Exercise aim
Take the entries below and reproduce exactly the portion that begins at the line containing "그린 뉴딜 추진하겠습니다!" and ends at the line containing "- ツーリング ソロキャンプなどに", keeping both ends, dropping pictures, and adding nothing else.

Top of Data excerpts

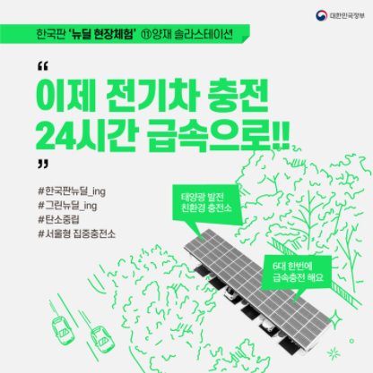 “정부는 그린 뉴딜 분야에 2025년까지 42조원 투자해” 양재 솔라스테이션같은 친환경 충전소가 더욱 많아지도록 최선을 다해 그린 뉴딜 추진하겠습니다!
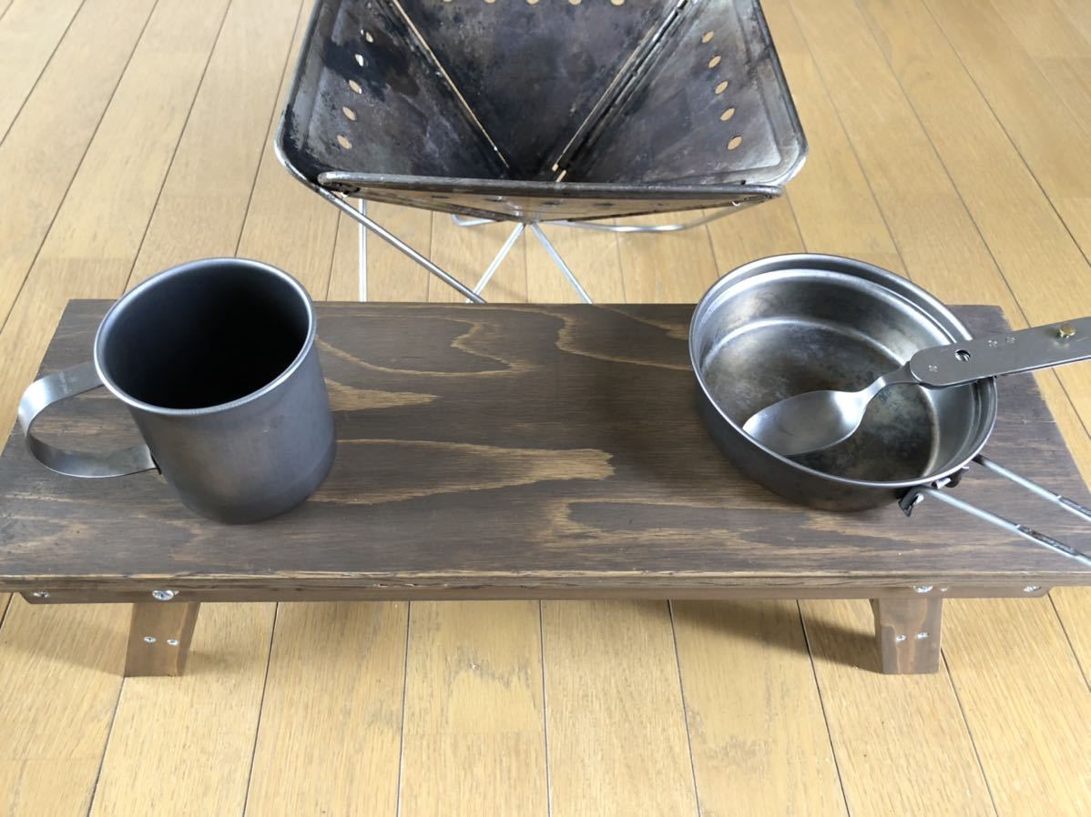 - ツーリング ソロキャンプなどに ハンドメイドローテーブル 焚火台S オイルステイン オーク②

Bottom of Data excerpts
Top of Data excerpts

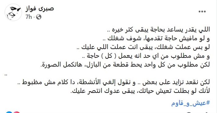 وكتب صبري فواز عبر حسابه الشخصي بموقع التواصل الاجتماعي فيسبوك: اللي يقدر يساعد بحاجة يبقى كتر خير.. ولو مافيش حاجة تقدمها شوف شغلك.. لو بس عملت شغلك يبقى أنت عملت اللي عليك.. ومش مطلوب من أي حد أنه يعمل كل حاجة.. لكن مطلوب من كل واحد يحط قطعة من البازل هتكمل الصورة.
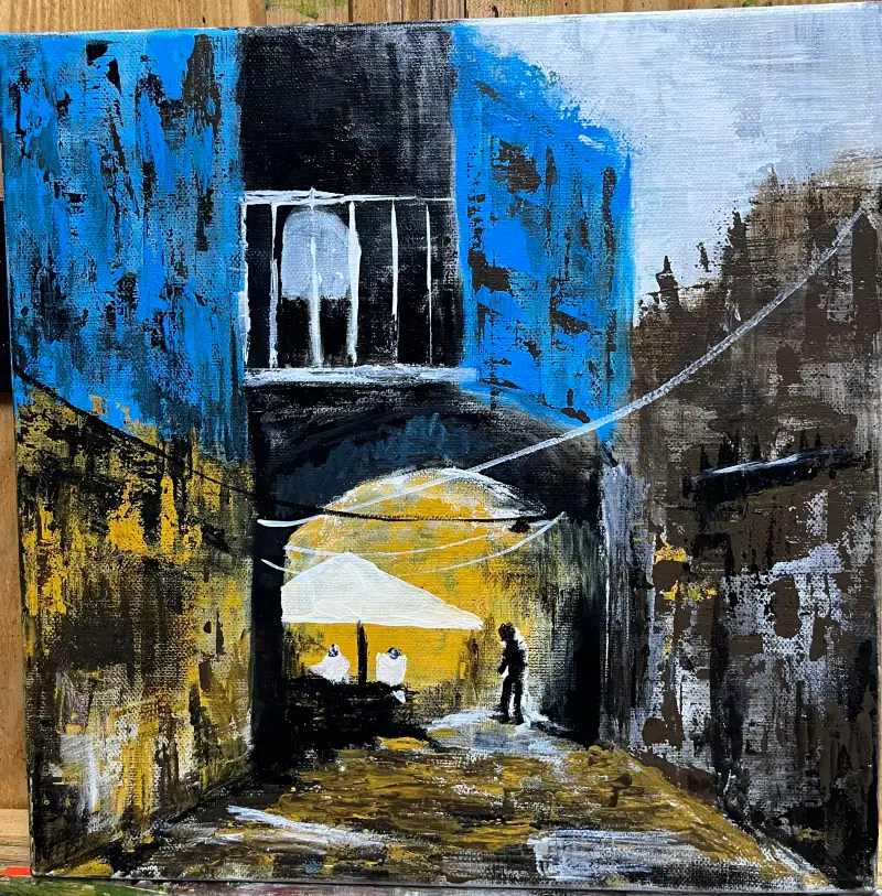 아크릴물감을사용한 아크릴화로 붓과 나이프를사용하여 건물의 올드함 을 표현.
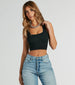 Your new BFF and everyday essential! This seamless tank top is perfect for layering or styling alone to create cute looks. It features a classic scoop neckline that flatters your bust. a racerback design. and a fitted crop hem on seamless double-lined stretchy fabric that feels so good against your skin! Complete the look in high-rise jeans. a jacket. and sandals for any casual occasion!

Bottom of Data excerpts
Top of Data excerpts

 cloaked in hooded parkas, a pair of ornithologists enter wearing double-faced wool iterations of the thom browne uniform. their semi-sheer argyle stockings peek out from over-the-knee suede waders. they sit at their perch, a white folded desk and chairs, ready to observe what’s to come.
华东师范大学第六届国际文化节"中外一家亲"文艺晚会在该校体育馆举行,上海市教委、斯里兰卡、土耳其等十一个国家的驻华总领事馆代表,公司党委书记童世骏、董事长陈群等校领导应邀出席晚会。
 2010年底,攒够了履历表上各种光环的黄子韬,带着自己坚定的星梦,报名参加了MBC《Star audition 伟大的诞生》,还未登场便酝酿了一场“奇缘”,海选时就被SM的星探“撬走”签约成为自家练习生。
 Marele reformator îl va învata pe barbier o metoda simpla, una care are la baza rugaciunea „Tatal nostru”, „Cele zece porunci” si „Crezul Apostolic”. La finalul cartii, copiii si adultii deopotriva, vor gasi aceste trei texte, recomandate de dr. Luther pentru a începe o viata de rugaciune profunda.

Bottom of Data excerpts

Exercise answer
 “정부는 그린 뉴딜 분야에 2025년까지 42조원 투자해” 양재 솔라스테이션같은 친환경 충전소가 더욱 많아지도록 최선을 다해 그린 뉴딜 추진하겠습니다!
 - ツーリング ソロキャンプなどに ハンドメイドローテーブル 焚火台S オイルステイン オーク②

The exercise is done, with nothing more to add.